When I go in and look at some company's AD, I specifically ask for an ID that has no ability to modify things, I simply want to see. I don't want to have any possibility of changing anything except my password. Normally user and Exchange view is all I need to do my job. It scares me how fast some companies will give people admin rights when someone walks through the door. I have several MCS friends who got quite chapped with me beating on them for several years when they were in the environment I controlled because they had normal user access and that was about it. They need replication metadata in 2K, do they get an admin ID? Nope, I set up a perl cgi script and they hit a website that got the data for them. No reason was ever good enough for them to have admin rights. At best they could sit next to someone with those rights. Anyway, they were always quite pissy about that. Then after a couple of years of daily onsite work and dealing with me they finished their work with us and went to other places. They actually had fear for how much power they were given when they walked in the door (here you go, you must know AD, have enterprise admin!) and realized how safe my environment was compared to the others they work with now. If a company gives out access that quickly... They don't really have change control no matter how much they want to think so and how many processes they have around it.

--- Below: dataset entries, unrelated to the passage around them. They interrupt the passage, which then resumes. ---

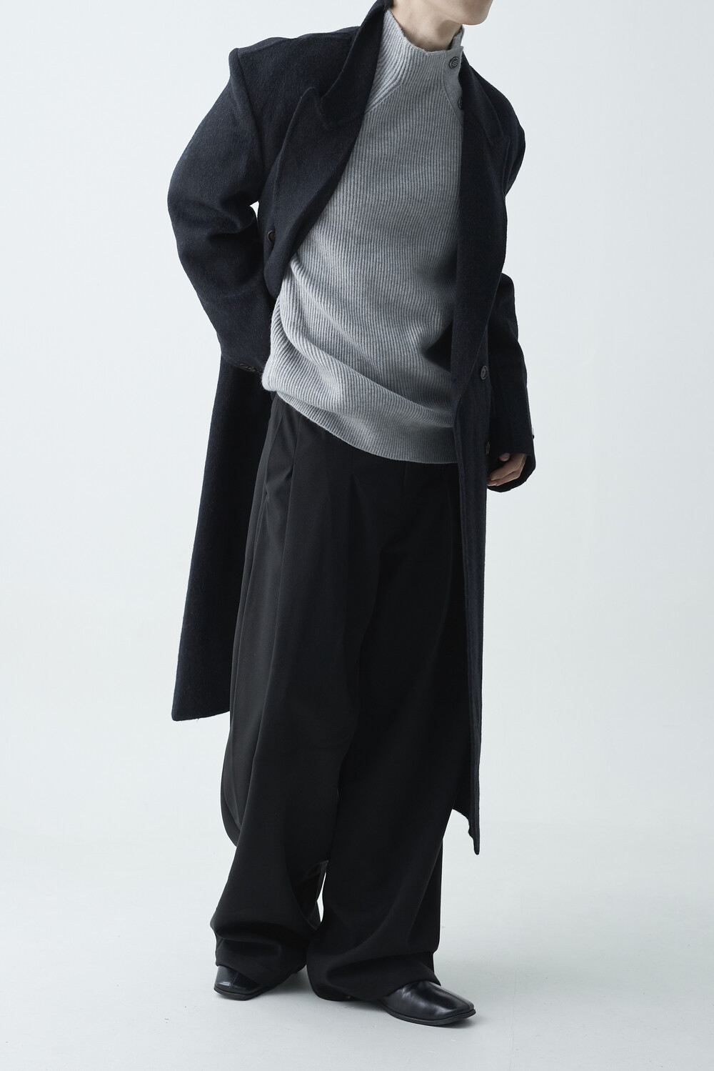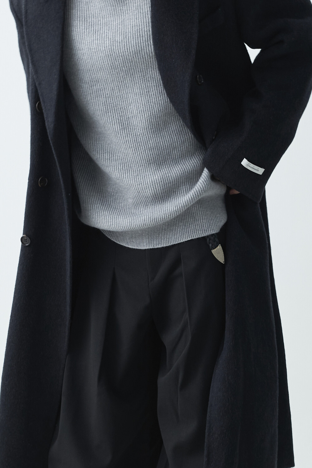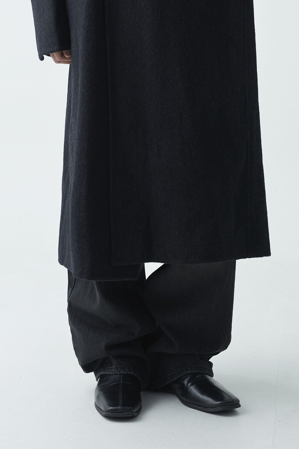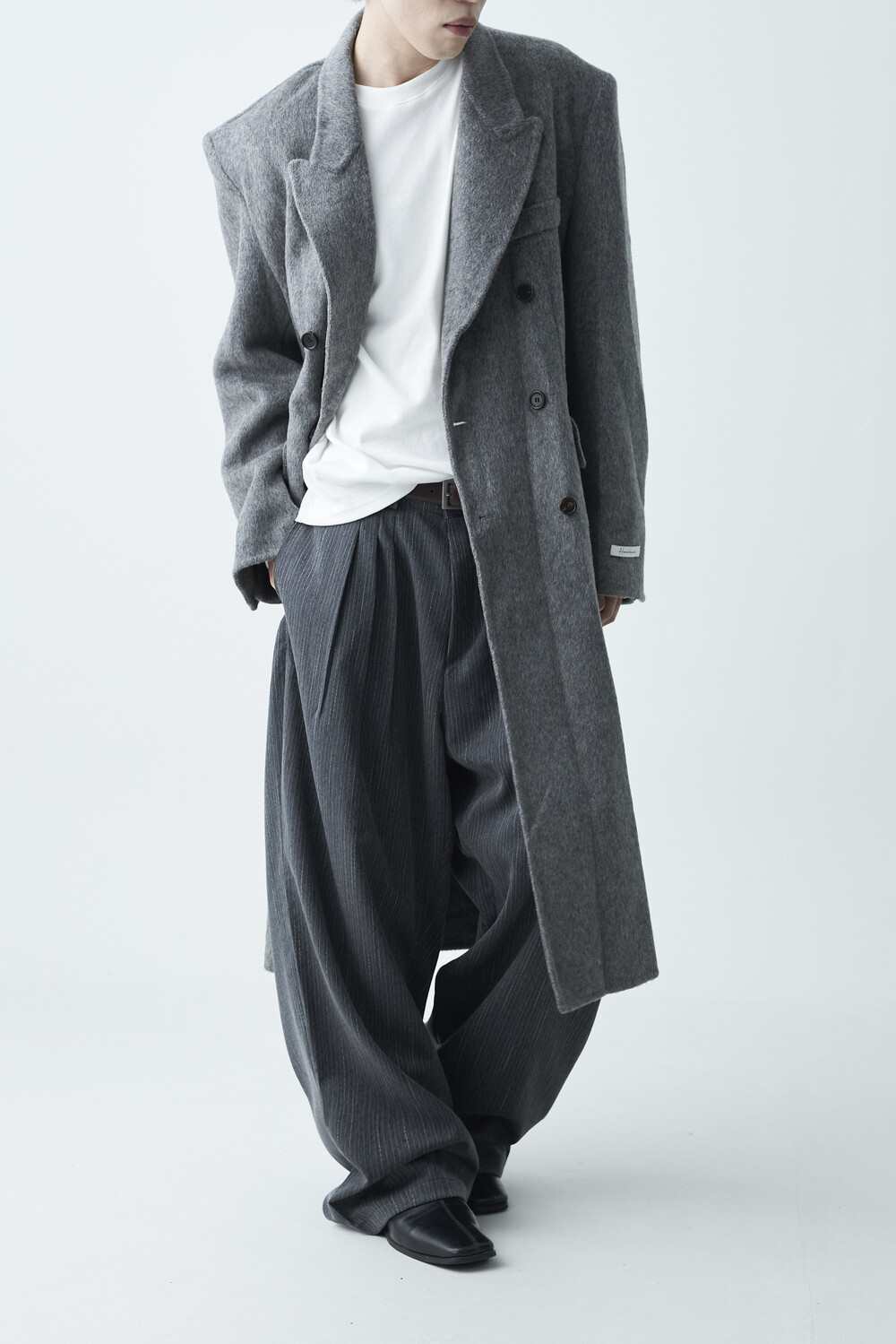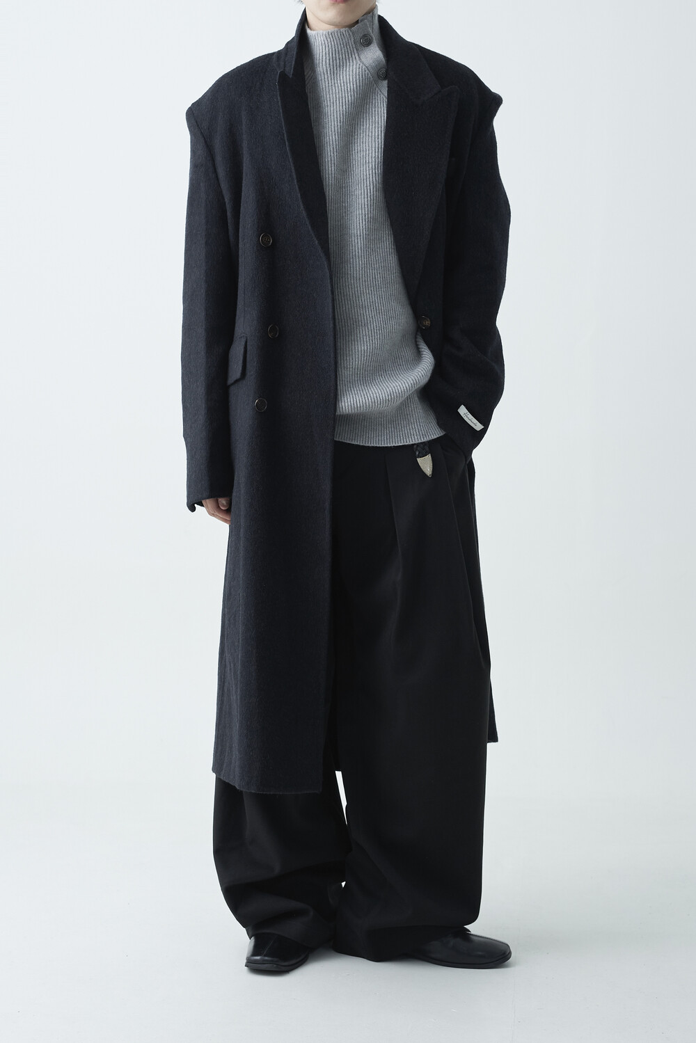 - 더블코트 스타일의 맥시한 기장감으로 구성된 울 코트 제품입니다. 핸드메이드 방식으로 구현되어 더욱 프리미엄 아우터로서 그 매력을 더합니다. 헤어리한 텍스쳐의 터치감과 울 소재임에도 불구하고 소프트한 무게감으로 수월한 착용감을 선사합니다. 자연스럽게 찰랑이는 실루엣으로 고급스러운 스타일을 표현해보세요.
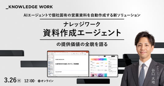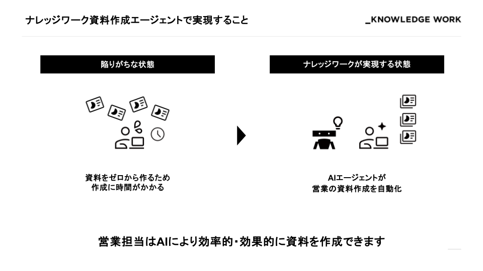 株式会社ナレッジワーク「LIFE WITH ENABLEMENT できる喜びが巡る日々を届ける」をミッションに掲げる株式会社ナレッジワーク(本社:東京都港区、CEO 麻野耕司)は、営業担当が日常的に作成する社内外の資料をAIエージェントが自動作成する新ソリューション「ナレッジワーク資料作成エージェント」の提供を開始しました。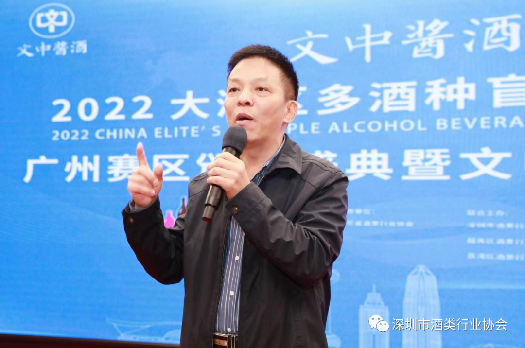 广东省酒类行业协会会长彭洪上台致辞,向到场的领导嘉宾表示热烈的欢迎,同时他表示对此次多酒种盲品精英挑战赛(广州赛区)的成功举办,为我会会员与酒类从业人员提供了一个良好的学习和交流的机会,对酒类行业专业技能人才的培养与发展壮大、以及整体素质的提升起到了积极促进作用。学员们充分展现了我们酒协会员和各酒商代表优良的素质和良好的精神风貌,祝贺所有获奖的选手。并向本次活动总冠名商---贵州文中酒业公司的鼎力支持、兄弟协会深圳酒协的精心组织和安排、对广州市酒协、各区酒协的大力支持,表示衷心的感谢!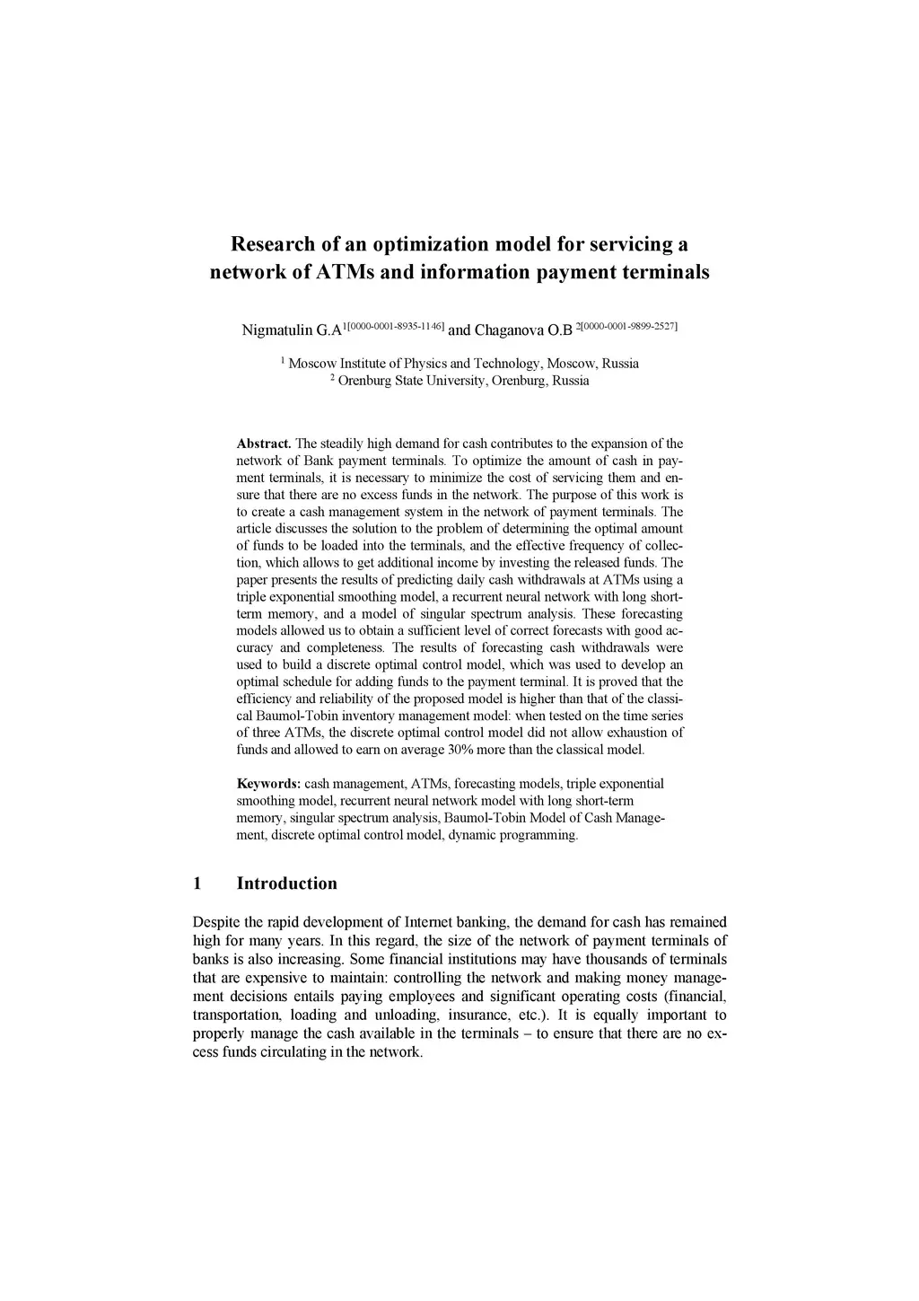 The steadily high demand for cash contributes to the expansion of the network of Bank payment terminals. To optimize the amount of cash in payment terminals, it is necessary to minimize the cost of servicing them and ensure that there are no excess funds in the network. The purpose of this work is to create a cash management system in the network of payment terminals. The article discusses the solution to the problem of determining the optimal amount of funds to be loaded into the terminals, and the effective frequency of collection, which allows to get additional income by investing the released funds. The paper presents the results of predicting daily cash withdrawals at ATMs using a triple exponential smoothing model, a recurrent neural network with long short-term memory, and a model of singular spectrum analysis. These forecasting models allowed us to obtain a sufficient level of correct forecasts with good accuracy and completeness. The results of forecasting cash withdrawals were used to build a discrete optimal control model, which was used to develop an optimal schedule for adding funds to the payment terminal. It is proved that the efficiency and reliability of the proposed model is higher than that of the classical Baumol-Tobin inventory management model: when tested on the time series of three ATMs, the discrete optimal control model did not allow exhaustion of funds and allowed to earn on average 30% more than the classical model.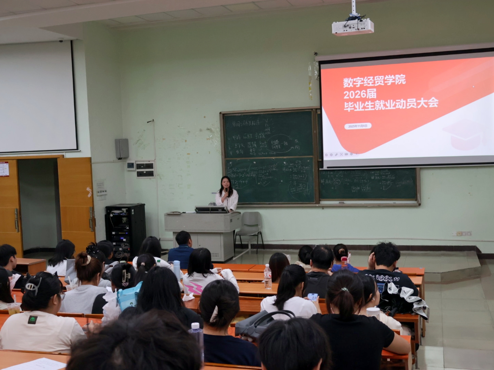 为保障2026届毕业生就业工作顺利开展,充分动员全体毕业生积极投身就业准备,树立正确的就业择业观,广州华商学院数字经贸学院于2025年11月6日18:15在励志楼C300和励志楼C407举行2026届就业暨毕业实习动员大会。数字经贸学院学工办主任李鑫老师、辅导员何涛老师、辅导员陈楚玲老师、各系主任及2026届全体毕业生们参加大会。会议由数字经贸学院辅导员陈楚玲和何涛主持。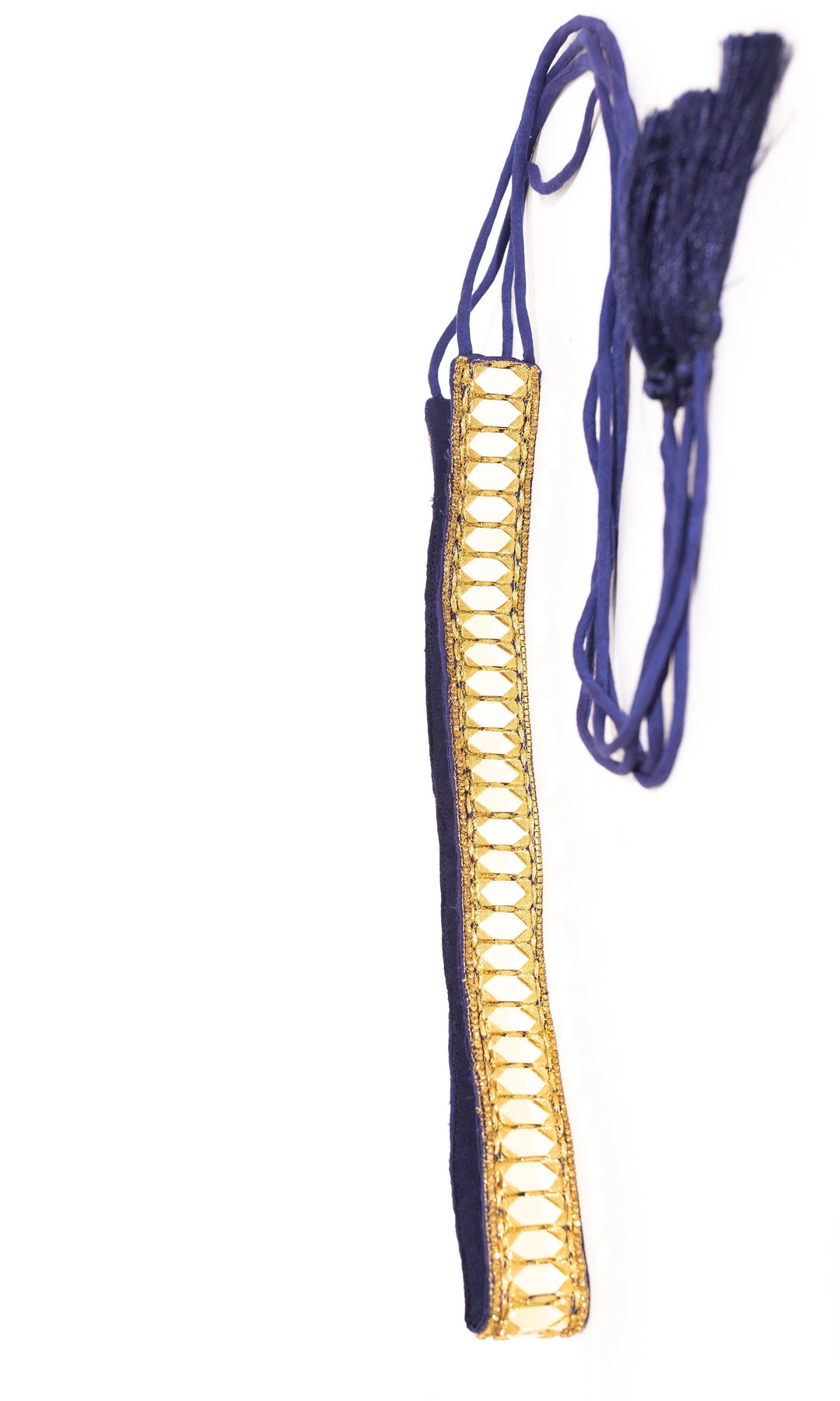 Enhance your look with this striking gold and blue waist belt. It displays intricate mirror work with rhinestone accents, making it ideal for wedding, receptions, navratri, parties, and other formal occasions.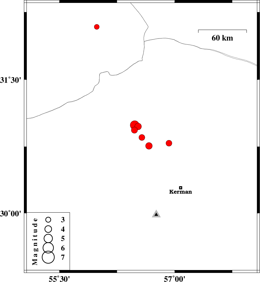 | 2021/09/29 | 11:01:45.1 | 14:31:45.1 | 30.759 | 56.666 | 12 | ML:4 | Kerman Province, 11 km of Zarand | ||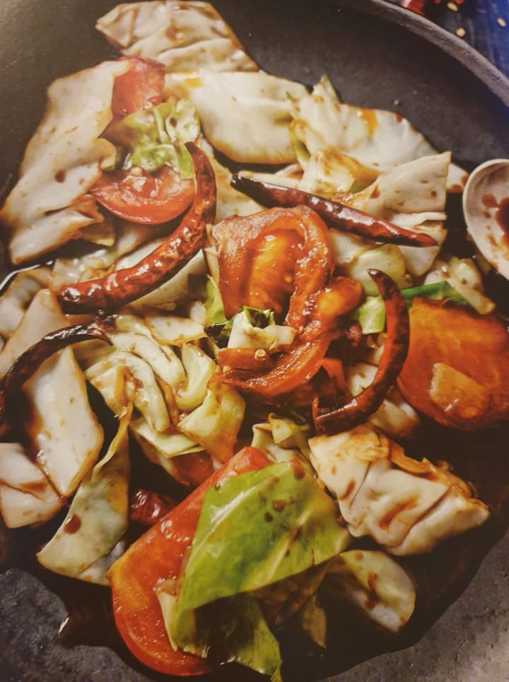 The first difficulty with this one was the ingredient list. It asked for a “sweetheart cabbage” dried red chillies, “Chinkiang black rice vinegar” and rice wine. We went to our local Asda’s and whilst in the shop, realised how completely out of our depth we were. In the world foods section we found a rice vinegar but it was light in colour not dark, would this suffice? We had no clue. There was no rice wine to be seen or anything that looked like a “sweetheart” cabbage. Google was definitely our friend, standing next to the Asian section of the aisle frantically typing substitutes for rice wine “dry white wine will work as a substitute to rice wine”. Phew! So we collected a normal cabbage, hoping this was sweetheart enough, opted for the light version of the rice vinegar and headed on our way to the alcohol section. We also substituted the full dried chillies for chilli flakes. It was going well.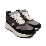 Alexander McQueen 'Oversized Runner' sneaker in grey and black suede with white rubber sole and with black leather heel. Featuring white logo text across the back.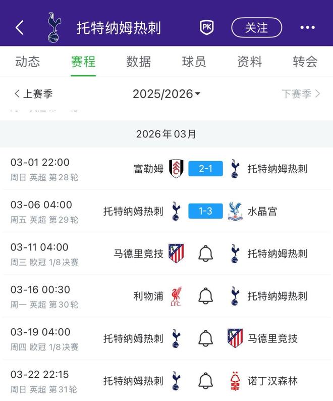 北京时间3月6日,英超第29轮,托特纳姆热刺1-3水晶宫。在本场比赛之后,热刺将迎来一段艰难的赛程。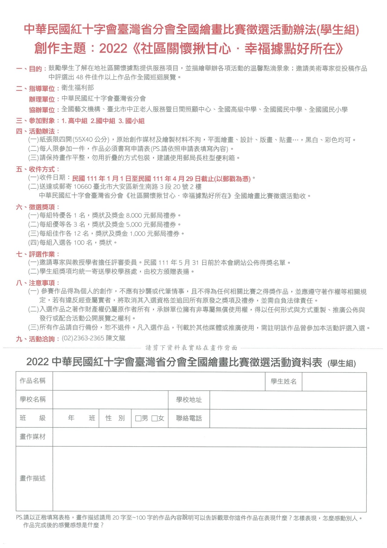 紅十字會繪畫比賽創作主題「社區關懷揪甘心‧幸福據點好所在」

Basically you as an admin need to sit down and look at the points where you have dangerous processes and you make them as non-dangerous as possible. Generically, if you have any processes where you manually update the directory with an ID that has add/delete capabilities and you are using the GUI, you have a dangerous process that needs to be reworked. You can't rework them all in an instant so you take time, maybe even months or years going through and fixing those processes. Do it in baby steps, first scripts, then automated systems. Focus on the things that you do a lot first and then go to the things you do less. If you can't script, learn. You aren't an admin if you can't script, you are a button pusher that can and possibly should be replaced. If you have admins logging into their workstations with their admin IDs, smack them. If they are logging into servers (real server not TS) to do work that can be done remotely from the workstations, smack them. If they use IE/OE on a server (real server not a TS), smack them. If they have someone come to them and complain about an ID that runs a service and it is a pain to change the password so the first thing they think of is to set the ID to be non-expiring, smack them and then fire them.

  joe

 

-----Original Message-----
From: [EMAIL PROTECTED] [
mailto:[EMAIL PROTECTED]] On Behalf Of Aramide Adebanjo
Sent: Thursday, February 17, 2005 3:12 AM
To: ActiveDir@mail.activedir.org
Subject: RE: [ActiveDir] HELP!!! Undelete required

Hi guys,

I have resolved the issue..it could have been worse however but the group deleted was a distribution group. The painful fact was that it wasone that had 700 member users and I did not know howi could repopulate that fast. However I had done a csvde export just the day beforeand I ran iquery to get all users with the required attribute.
Simply put, I recreated the distribution group again. I just pasted all the members into a text file with all usenames seperated by a semicolon and then pasted them all into the new group. The names were all resolved.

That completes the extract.